* _Prompt_: The material below holds pictures; leave them out and reproduce exactly the lines from the one with "8.2 FT gumová" through the one with "loveedsTM- Elegant Strapless", inclusive.

* _Data to process_:
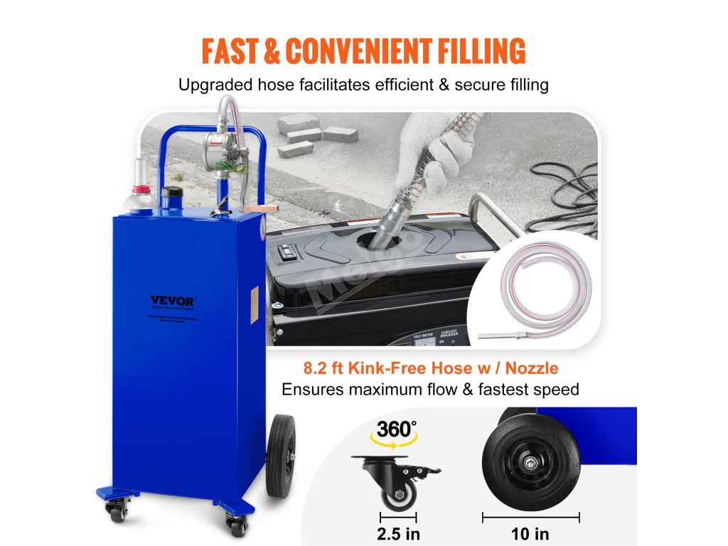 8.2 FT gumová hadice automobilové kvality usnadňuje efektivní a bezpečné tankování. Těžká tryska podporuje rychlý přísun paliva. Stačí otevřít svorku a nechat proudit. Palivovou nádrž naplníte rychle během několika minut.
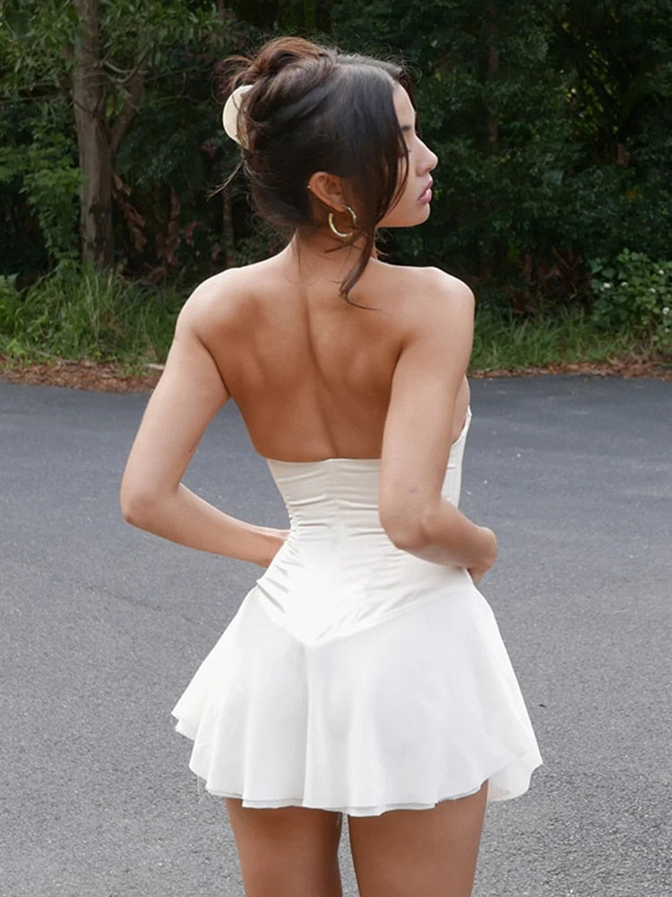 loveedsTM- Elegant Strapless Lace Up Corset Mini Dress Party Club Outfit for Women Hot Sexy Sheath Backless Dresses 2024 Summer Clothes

...

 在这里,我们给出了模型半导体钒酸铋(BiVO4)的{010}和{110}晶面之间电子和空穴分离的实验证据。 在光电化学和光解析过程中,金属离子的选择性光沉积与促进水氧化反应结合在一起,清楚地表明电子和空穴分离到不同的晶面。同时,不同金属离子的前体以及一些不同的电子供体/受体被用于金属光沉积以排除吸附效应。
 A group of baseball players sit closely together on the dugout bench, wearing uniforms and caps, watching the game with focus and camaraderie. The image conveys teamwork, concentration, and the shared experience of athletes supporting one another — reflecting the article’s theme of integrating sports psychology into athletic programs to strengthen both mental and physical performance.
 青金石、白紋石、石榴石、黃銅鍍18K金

==

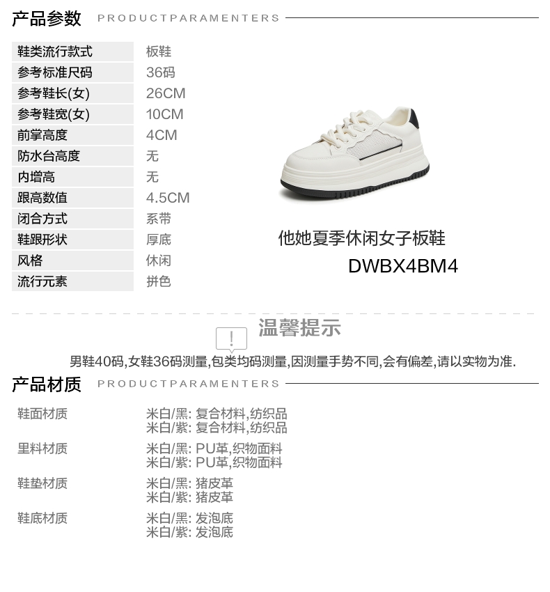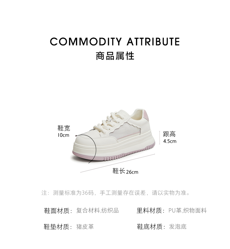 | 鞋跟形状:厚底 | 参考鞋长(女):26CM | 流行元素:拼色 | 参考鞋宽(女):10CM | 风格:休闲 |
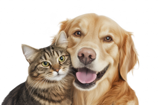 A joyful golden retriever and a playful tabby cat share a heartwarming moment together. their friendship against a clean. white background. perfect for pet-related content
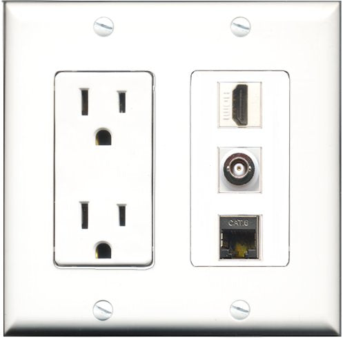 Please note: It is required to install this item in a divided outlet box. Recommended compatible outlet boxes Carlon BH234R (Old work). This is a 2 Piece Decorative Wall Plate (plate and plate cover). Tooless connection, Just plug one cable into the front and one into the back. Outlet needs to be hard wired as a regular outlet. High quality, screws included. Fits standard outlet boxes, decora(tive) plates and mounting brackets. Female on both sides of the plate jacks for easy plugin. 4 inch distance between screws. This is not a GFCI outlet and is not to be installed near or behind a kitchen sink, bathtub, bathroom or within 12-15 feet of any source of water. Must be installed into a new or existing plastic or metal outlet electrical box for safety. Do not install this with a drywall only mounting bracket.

* _Exercise output_:
 8.2 FT gumová hadice automobilové kvality usnadňuje efektivní a bezpečné tankování. Těžká tryska podporuje rychlý přísun paliva. Stačí otevřít svorku a nechat proudit. Palivovou nádrž naplníte rychle během několika minut.
 loveedsTM- Elegant Strapless Lace Up Corset Mini Dress Party Club Outfit for Women Hot Sexy Sheath Backless Dresses 2024 Summer Clothes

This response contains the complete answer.